• **ACTIVITY**: If a record holds a picture, omit that picture and copy everything else exactly.

──────── RECORDS SHOWN

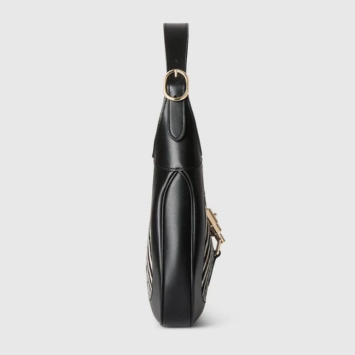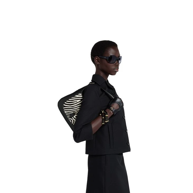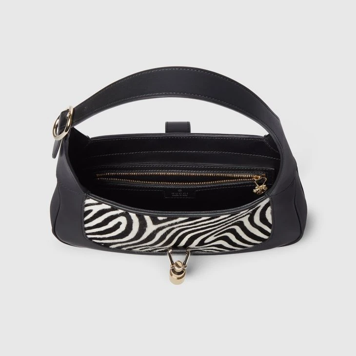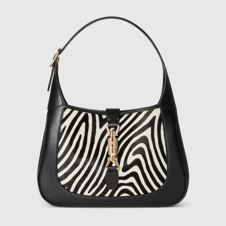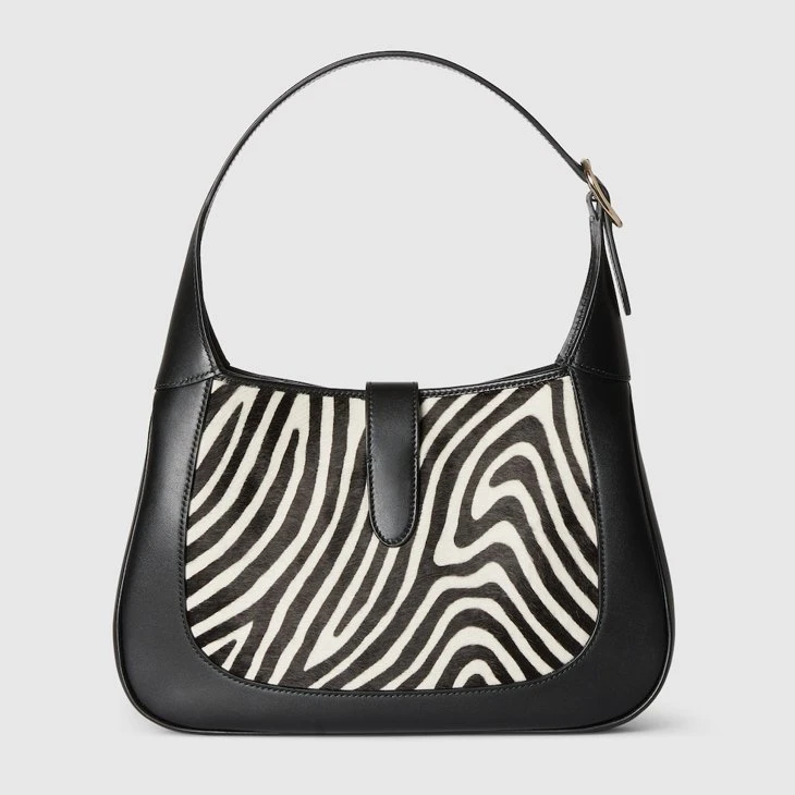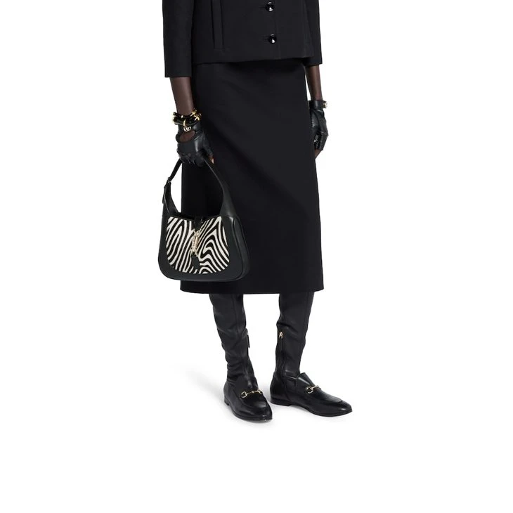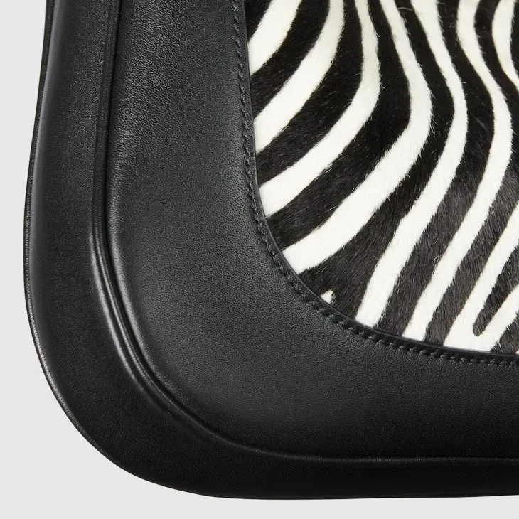 In the Spring Summer 2025 collection, this Gucci Jackie 1961 medium shoulder bag is crafted from black and white calf hair, inspired by animal print.Black and white printed calf hair
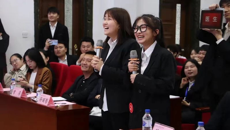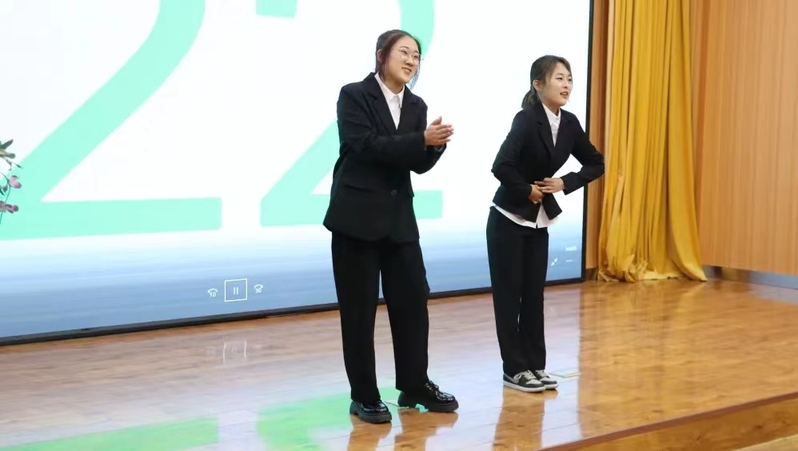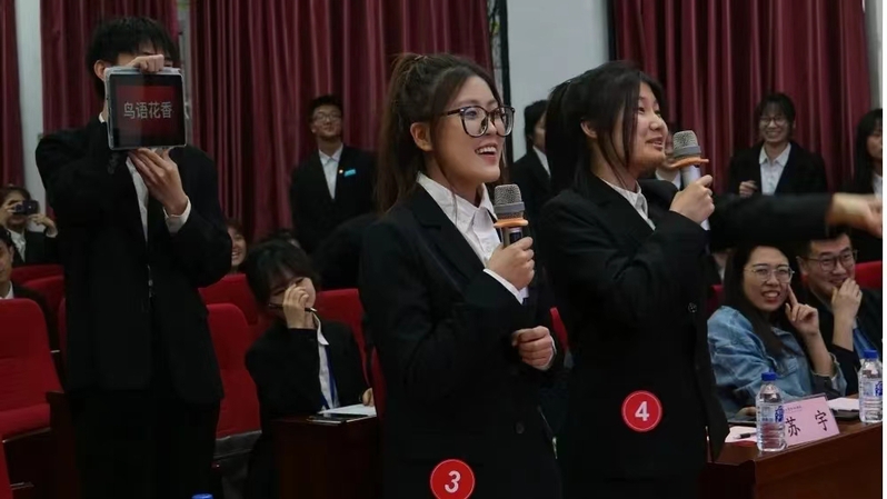 在寝室默契大挑战环节,每个寝室选派两名最默契的同学参加,表演者通过肢体语言向猜词者传达题意,争取抢先另一组说出题目,为自己寝室赢得更多分数。
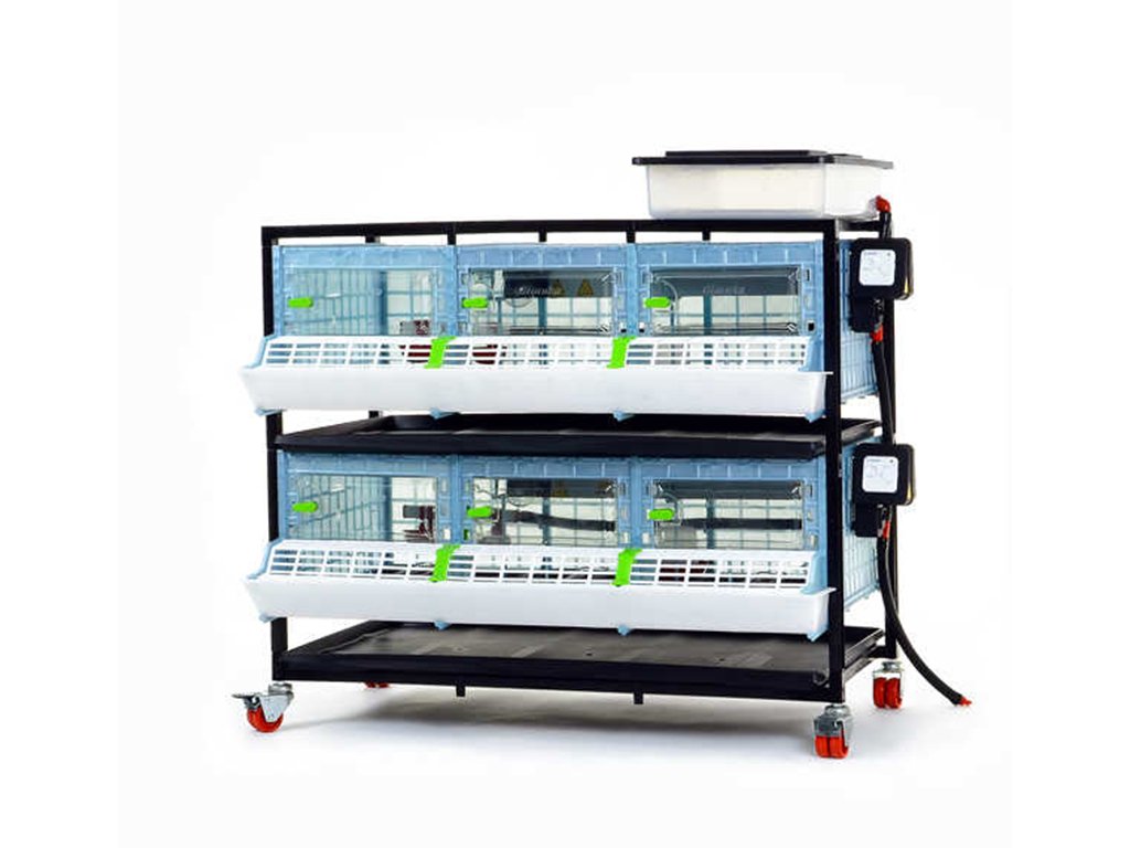Rozmery zloženej dvojposchodovej odchovne vrátane koliesok, nádržky na vodu, ohrevných jednotiek a kŕmidiel sú 104 x 60 x 91 cm.
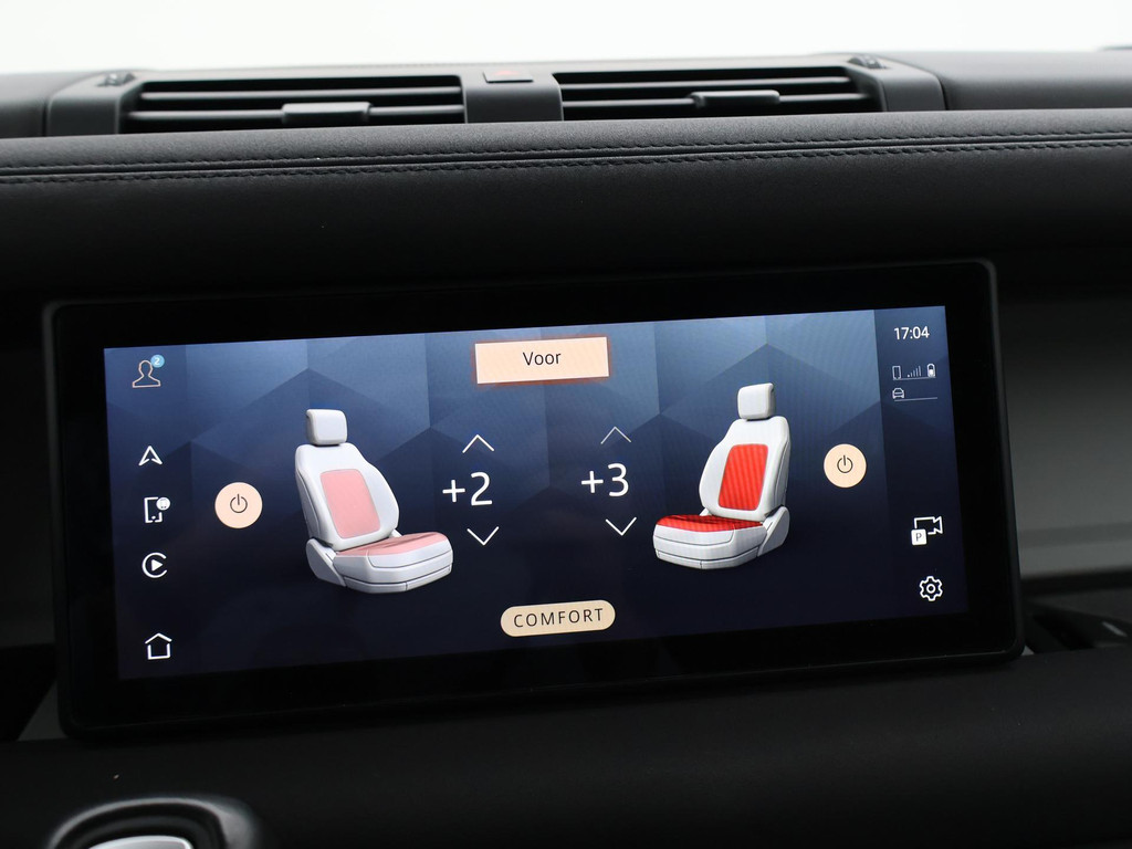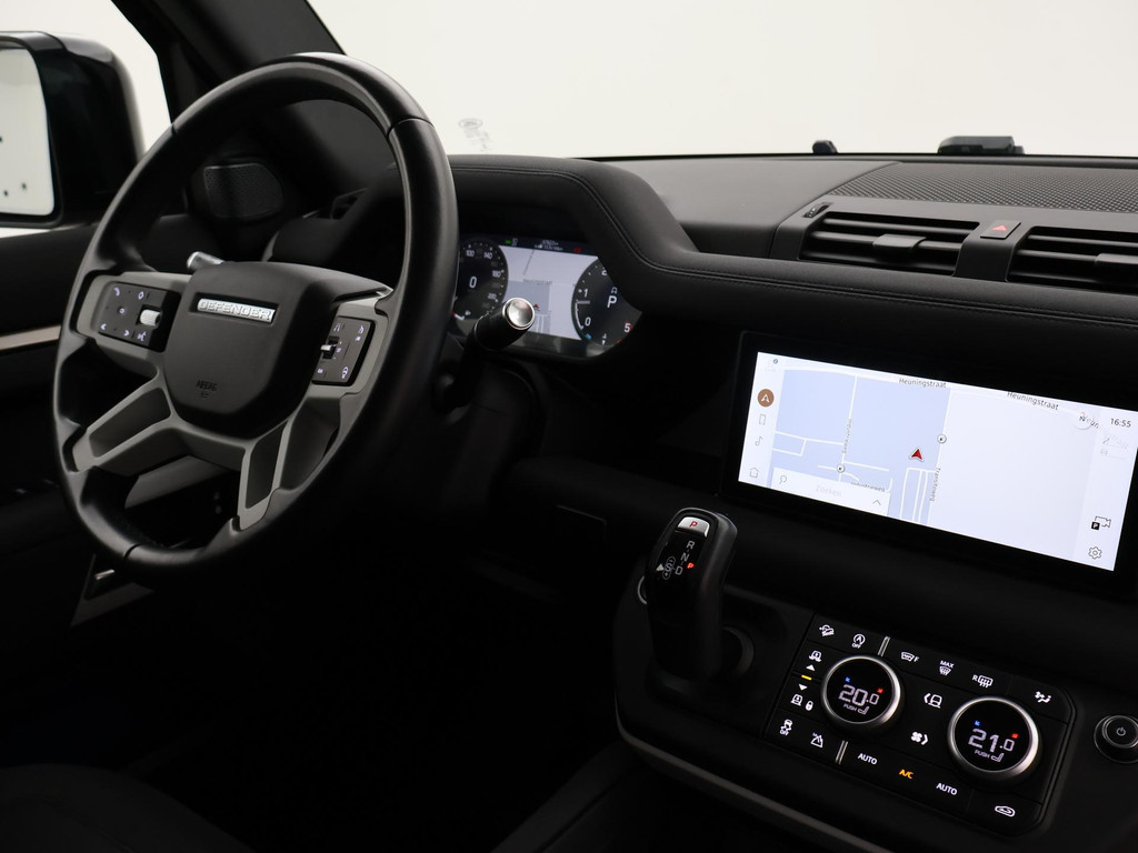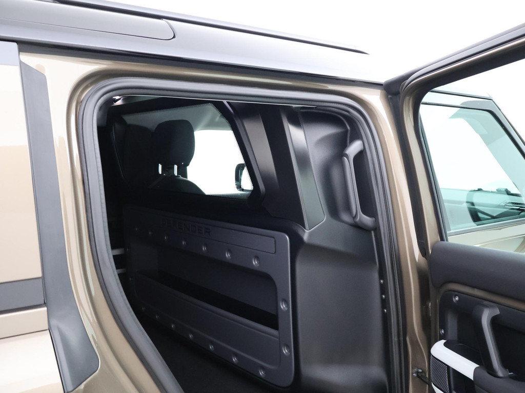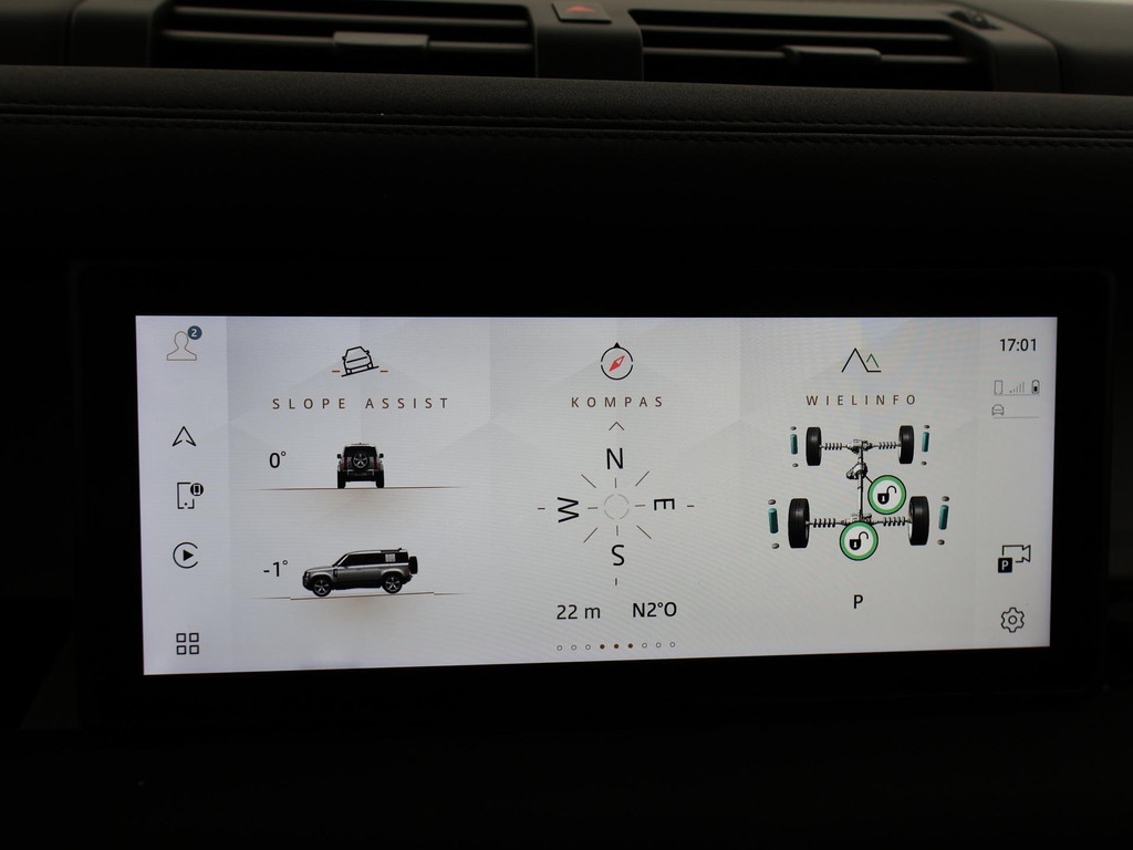 Defender 110 grijs kenteken met 2 zitplaatsen, Gondwana Stone Gloss exterieurkleur met zwart dak, zwarte spiegels en zwarte velgen, Panorama schuif/kanteldak, 360 graden camerasysteem, Stoelverwarming, Stuurwielverwarming, Koelkast in de middenarmsteun, Volledig elektrisch wegklapbare trekhaak met 3500 kg trekgewicht op kenteken, Luchtvering met regelbare rijhoogte, Keyless-entry en keyless-drive, Spiegel met achteruitrijcamera functie en spiegelfunctie, Meridian Premium sound, 19 inch lichtmetalen velgen, Full LED koplampen, LED achterlichten, Digitale cockpit met digitale tellers en navigatie kaartweergave + mediaweergave beeldvullende modus, Profiglass dubbel cabine ombouw met Defender inscriptie in het tussenschot, Draadloze Apple Carplay / Android Auto appstreaming Google Maps, Flitsmeister, Spotify etc, DAB+ Digitale radio, Lijnassistentie, Keyless-entry en keyless-drive, Draadloze telefoonlader, Botswaarschuwing, Cruise control, Elektronisch verwarmde voorruit, Climate control, USB 2 en USB C laders, D240 2.0D Ingenium 240 PK diesel automaat 4x4. Elektronisch sperdifferentieel achter met koppelverdeling dmv remmen (TVBB). Prijs is exclusief BTW.
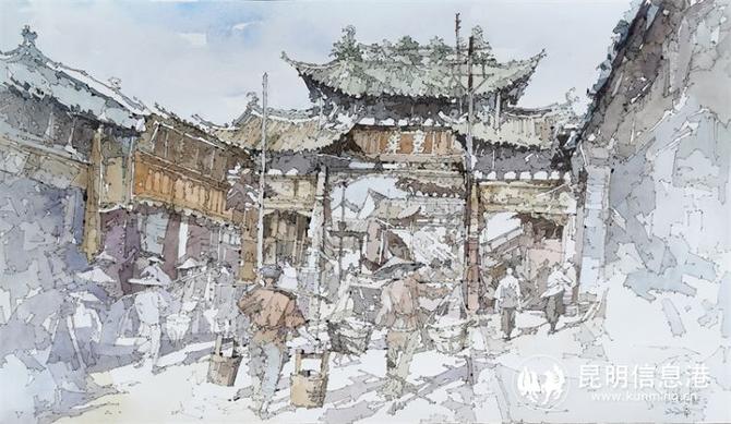 年复一年,在蒋凌的画笔下,昆明的老街、老巷、老屋、老树成了他捕捉记忆的载体,青云街、天君殿巷、凤翥街、柿花桥、地台寺……记忆中的老昆明跃然纸上。
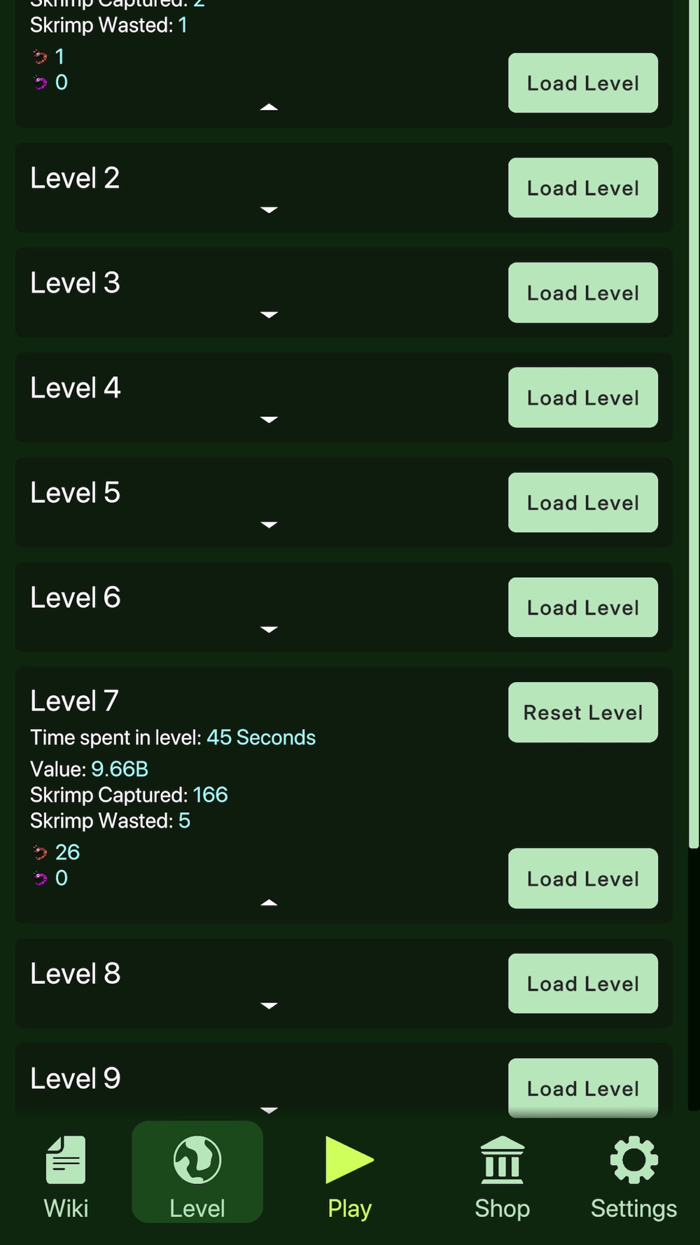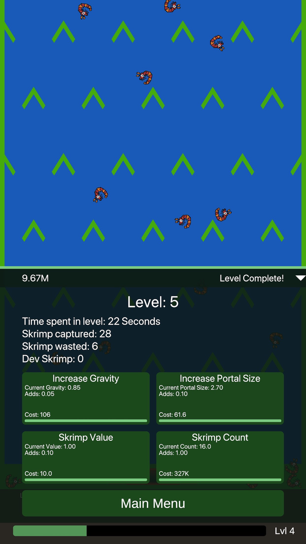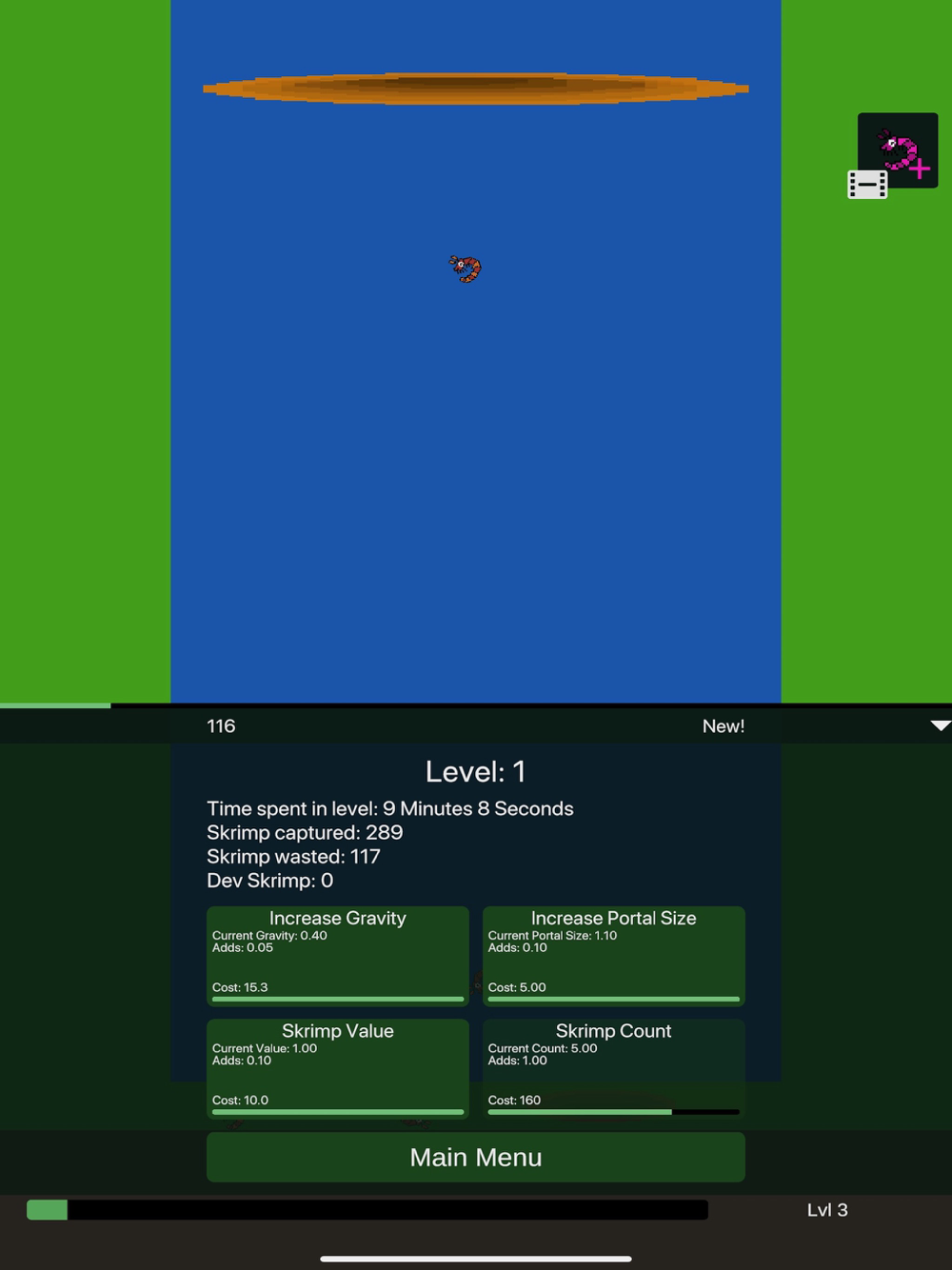 - New slider for skrimp count.- Lowered xp requirements for levels.- New stage.- Changed the order of some stages to introduce certain mechanics earlier.

────────────────

• **WRITTEN RESPONSE**:
 In the Spring Summer 2025 collection, this Gucci Jackie 1961 medium shoulder bag is crafted from black and white calf hair, inspired by animal print.Black and white printed calf hair
 在寝室默契大挑战环节,每个寝室选派两名最默契的同学参加,表演者通过肢体语言向猜词者传达题意,争取抢先另一组说出题目,为自己寝室赢得更多分数。
Rozmery zloženej dvojposchodovej odchovne vrátane koliesok, nádržky na vodu, ohrevných jednotiek a kŕmidiel sú 104 x 60 x 91 cm.
 Defender 110 grijs kenteken met 2 zitplaatsen, Gondwana Stone Gloss exterieurkleur met zwart dak, zwarte spiegels en zwarte velgen, Panorama schuif/kanteldak, 360 graden camerasysteem, Stoelverwarming, Stuurwielverwarming, Koelkast in de middenarmsteun, Volledig elektrisch wegklapbare trekhaak met 3500 kg trekgewicht op kenteken, Luchtvering met regelbare rijhoogte, Keyless-entry en keyless-drive, Spiegel met achteruitrijcamera functie en spiegelfunctie, Meridian Premium sound, 19 inch lichtmetalen velgen, Full LED koplampen, LED achterlichten, Digitale cockpit met digitale tellers en navigatie kaartweergave + mediaweergave beeldvullende modus, Profiglass dubbel cabine ombouw met Defender inscriptie in het tussenschot, Draadloze Apple Carplay / Android Auto appstreaming Google Maps, Flitsmeister, Spotify etc, DAB+ Digitale radio, Lijnassistentie, Keyless-entry en keyless-drive, Draadloze telefoonlader, Botswaarschuwing, Cruise control, Elektronisch verwarmde voorruit, Climate control, USB 2 en USB C laders, D240 2.0D Ingenium 240 PK diesel automaat 4x4. Elektronisch sperdifferentieel achter met koppelverdeling dmv remmen (TVBB). Prijs is exclusief BTW.
 年复一年,在蒋凌的画笔下,昆明的老街、老巷、老屋、老树成了他捕捉记忆的载体,青云街、天君殿巷、凤翥街、柿花桥、地台寺……记忆中的老昆明跃然纸上。
 - New slider for skrimp count.- Lowered xp requirements for levels.- New stage.- Changed the order of some stages to introduce certain mechanics earlier.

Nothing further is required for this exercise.